Meta Admits Use of 'Pirated' Book Dataset to Train AI

aprnu@feddit.ch · 10 months ago

Meta Admits Use of 'Pirated' Book Dataset to Train AI

Lightrider@lemmynsfw.com · edit-2 10 months ago

Removed by mod

howrar@lemmy.ca · 10 months ago

I’m pretty sure “admits” implies an attempt to hide it. They’ve explicitly said in the model’s initial publication that the training set includes Books3.

msgraves@lemmy.dbzer0.com · 10 months ago

ohno my copyright!!! How will the publisher megacorps now make a record quarter??? Think of the shareholders!

Whom@midwest.social · 10 months ago

That’s fine, just let the rest of us do the same.

Fushuan [he/him]@lemm.ee · 10 months ago

Actually I prefer if individual users pirating being considere fair use, but corporation pirating not be considered fair use. So them pirating is not fine but us pirating should be.

jaden@lemmy.zip · 10 months ago

Yeah too much of this thread is so hypocritical, but either free to copy stuff should be free or it shouldn’t.

bartolomeo@suppo.fi · 10 months ago

“We didn’t do it, and if we did it was fair use, and if it wasn’t progress will be hampered if rules and regulations are too strict.”

Beardedsausag3@kbin.social · 10 months ago

Nope. Yer can feck off Zuck! Yer ain’t comin’ aboard my ship! 🏴‍☠️

Metal Zealot@lemmy.ml · 10 months ago

In the age of the internet, nothing is truly yours.

Just look at NFT’S

maynarkh@feddit.nl · 10 months ago

How are NFTs relevant?

fiah@discuss.tchncs.de · 10 months ago

they aren’t, except perhaps as a counterexample of some dubious sort

onlinepersona@programming.dev · 10 months ago

They were supposedly anchors to claim ownership of things in the real world.

CC BY-NC-SA 4.0

buckykat [none/use name]@hexbear.net · 10 months ago

Marking all your comments CC BY-NC-SA is a good bit.
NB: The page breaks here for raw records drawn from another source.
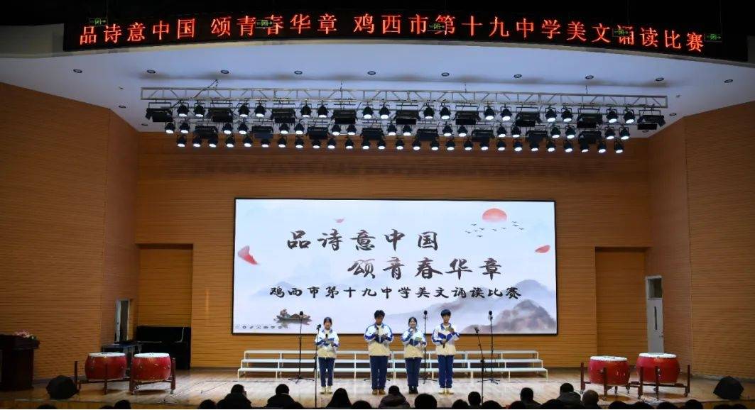 每天清晨第一遍铃声响起,校园处处回响着美文诵读的声音。伴随着那些热血、澎湃的文章,开始了一天的学习生活。为了考核学生们的朗诵水平和创意能力,鸡西市第十九中学2023年12月27日开展了经典诵读,创意大赛——品诗意中国,颂青春华章。
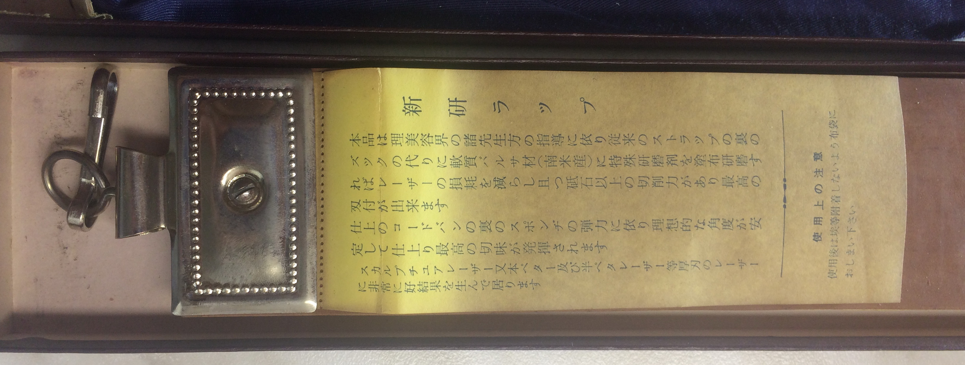 Кожа совершенно не испорчена временем, не имеет никаких дефектов.Мягкая, эластичная.Что интересно, ремень также укомплектован дощечкой, из оригинальной японский породы дерева. На дощечку наклеен мягкий материал, типа поролона . Это даёт возможность производить правку как в подвешенном состоянии, так и на столе. При этом ремень не требует контроля над натяжением ремня. Очень удобная и качественная вещь.Рекомендую в особенности новичкам.!Не пропустите!
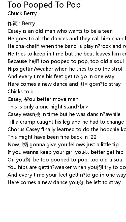 | Or, you yun l be too pooped to pop, too old a soul | |
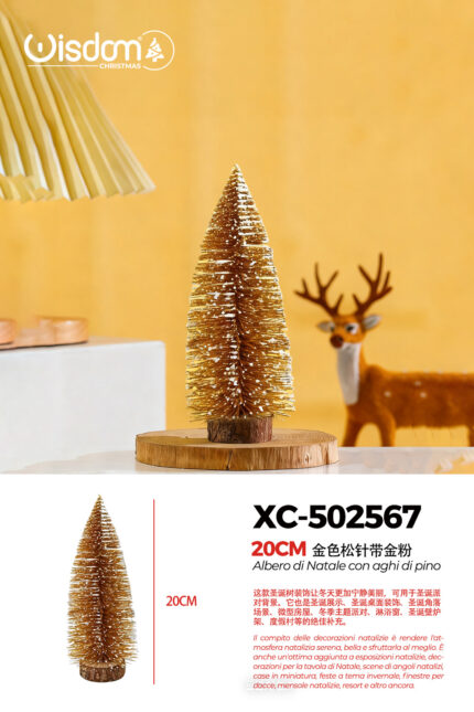 Alberello di Natale decorativo innevato con polvere d’oro da tavolo materiale pvc effetto legno dimensioni 20cmH

The point of NFTs (beyond the pyramid scheme) was to enforce artificial digital scarcity at the individual level

rufus@discuss.tchncs.de · edit-2 10 months ago

AI is just too much of a hype. Every company invests millions into AI and all new products need to “have AI”. And then everybody also needs to file lawsuits. I mean rightly so if Meta just pirated the books, but that’s not a problem with AI, but plain old piracy.

I was pretty sure OpenAI or Meta didn’t license gigabytes of books correctly for use in their commercial products. Nice that Meta now admitted to it. I hope their " Fair Use" argument works and in the future we can all “train AI” with our “research dataset” of 40GB of ebooks. Maybe I’m even going to buy another harddisk and see if I can train an AI on 6 TB of tv series, all marvel movies and a broad mp3 collection.

Btw, there was no denying anyways. Meta wrote a scientific paper about their LLaMA model in march of last year. And they clearly listed all of their sources, including Books3. Other companies aren’t that transparent. And even less so as of today.

onlinepersona@programming.dev · 10 months ago

I do wonder how it shakes out. If the case establishes that a license to use the material should be acquired for copyrighted material, then maybe the license I’m setting on comments might bring commercial AI companies in hot water too - which I’d love. Opensource AI models FTW

CC BY-NC-SA 4.0

jarfil@beehaw.org · 10 months ago

That license would require the AI model to only output content under the same license. Not sure if you realize, but commercial use is part of the OpenSource definition:

https://opensource.org/osd/

Your content would just get filtered out from any training dataset.

As for going against commercial companies… maybe you are a lawyer, otherwise good luck paying the fees.